基金grants from the Hunan Provincial Education Department (06B088)the Hunan Provincial Health Department (2004B165)
文摘In this study, the full lipL21 gene fragment encoding outer membrane protein LipL21 was cloned from L. interrogans serovar Lai and inserted into eukaryotic expression vector pcDNA3.1(+). The guinea pigs were immunized with pcDNA3.1(+)-lipL21, pcDNA3.1(+) or PBS. Six weeks after the second immunization, the splenocytes were isolated to detect their proliferative ability by lymphocyte transformation experiments. In addition, microscopic agglutination test was used for quantitative detection of specific antibodies. The rest guinea pigs were challenged intraperitoneally with L. interogans sorevar Lai. Then, protective effect was evaluated on the basis of survival and histopathological lesions in the kidneys, lungs, and liver.
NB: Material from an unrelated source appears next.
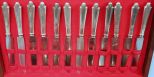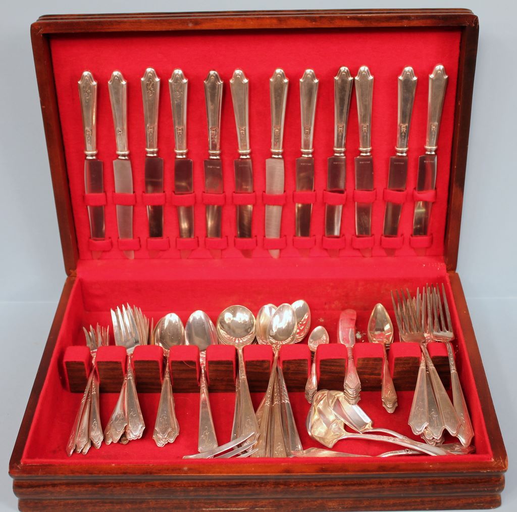 Ninety-eight Pieces of Lunt Treasure Sterling Silver Flatware, Chateau Thierry Pattern, set consisting of 12 dinner forks, 3 fruit spoons, 8 butter knives, 6 Demi-Tesse spoons, 12 ice teaspoons, 12 soup spoons, 9 teaspoons, 11 salad forks, 8 cocktail forks, 12 knives, 1 sugar spoon, 1 master butter, 1 gravy ladle, 1 cold meat fork, 1 olive spoon, monogrammed "K" on handles. Ninety-eight Pieces of Lunt Treasure Sterling Silver Flatware, Chateau Thierry Pattern, set consisting of 12 dinner forks, 3 fruit spoons, 8 butter knives, 6 Demi-Tesse spoons, 12 ice teaspoons, 12 soup spoons, 9 teaspoons, 11 salad forks, 8 cocktail forks, 12 knives, 1 sugar spoon, 1 master butter, 1 gravy ladle, 1 cold meat fork, 1 olive spoon, monogrammed "K" on handles.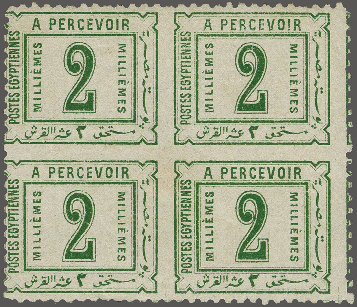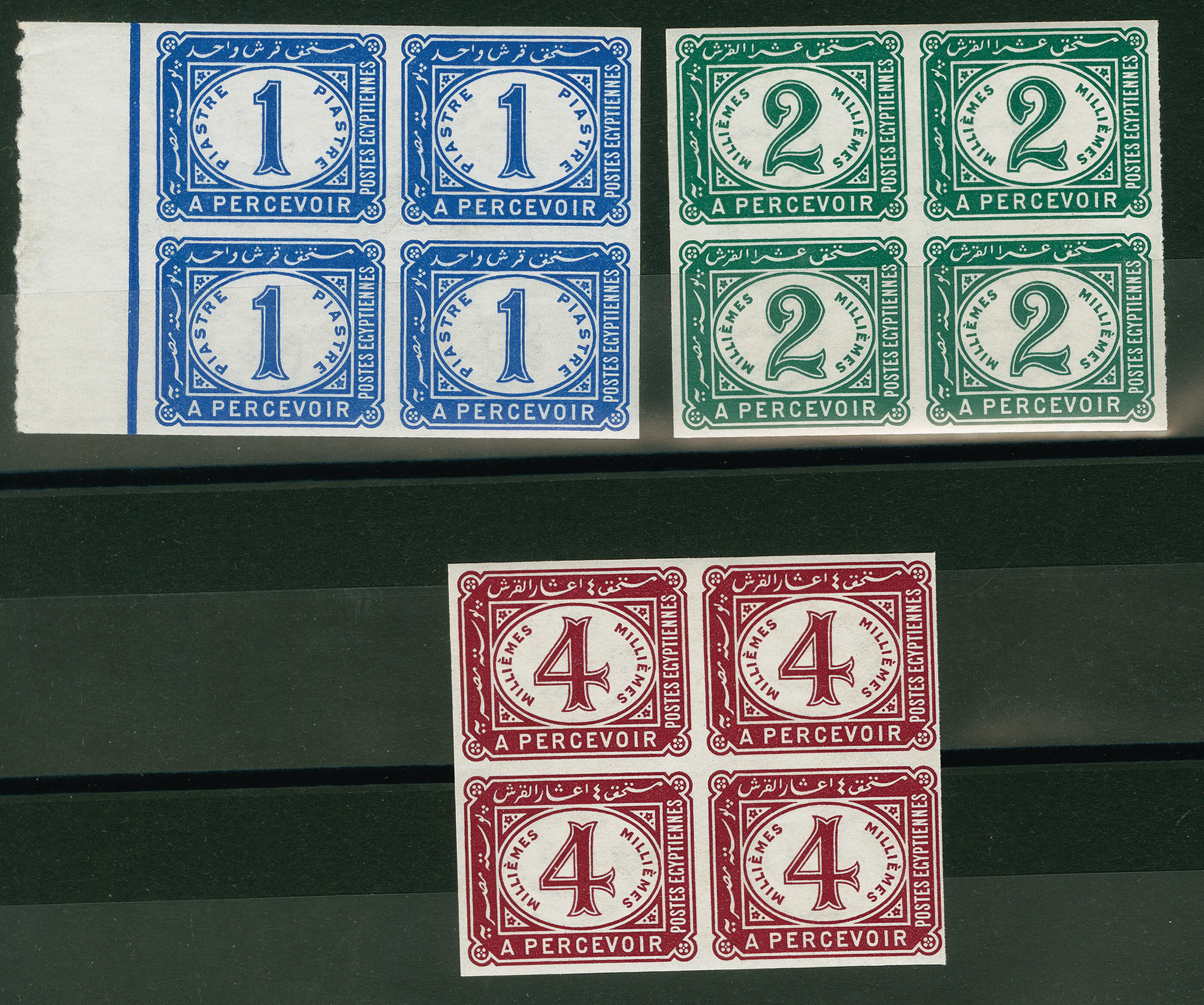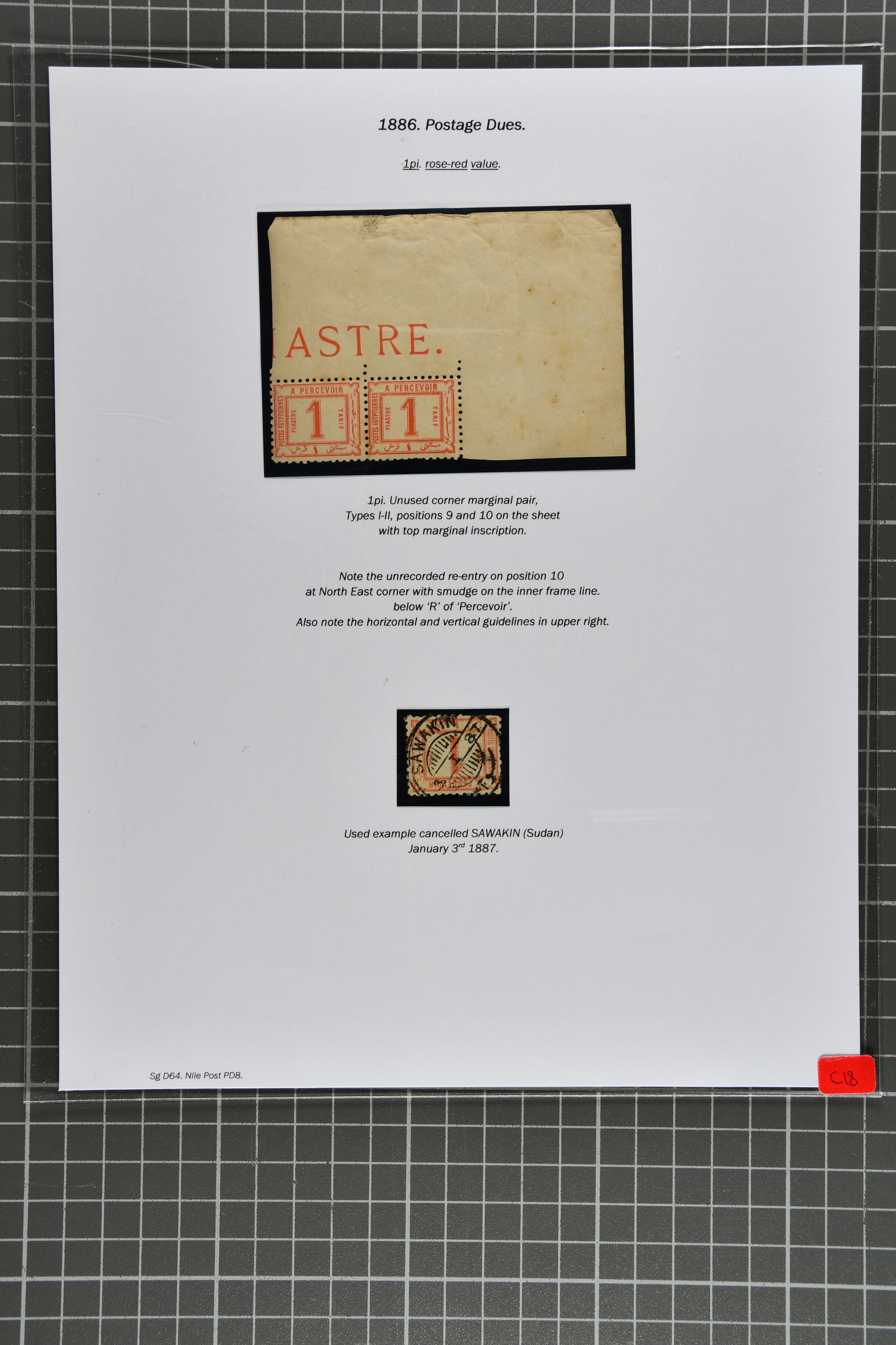 1886/1915: Postage Dues, 1 pi. red unused corner marginal pair from top right of sheet with "(PI)ASTRE" imprint, and a used example cancelled at Sawakin (Sudan); 1888 2 m. green in an unused block of nine, without

The lipL21 gene was successfully expressed in COS-7 cells through recombinant pcDNA3.1(+)-lipL21. The titer of specific antibodies substantially increased, and the stimulation index of splenocytes increased significantly. Hence, the pcDNA3.1(+)-lipL21 could protect the immunized guinea pigs from homotypic Leptospira infection. Furthermore, no obvious pathologic changes were observed in the pcDNA3.1(+)-lipL21 immunized guinea pigs. The results showed that the protective effect with pathogenic strains of Leptospira was shared by LipL21 mediated through a plasmid vector. Consequently, these results indicated that the lipL21 DNA vaccine was a promising candidate for the prevention of leptospirosis.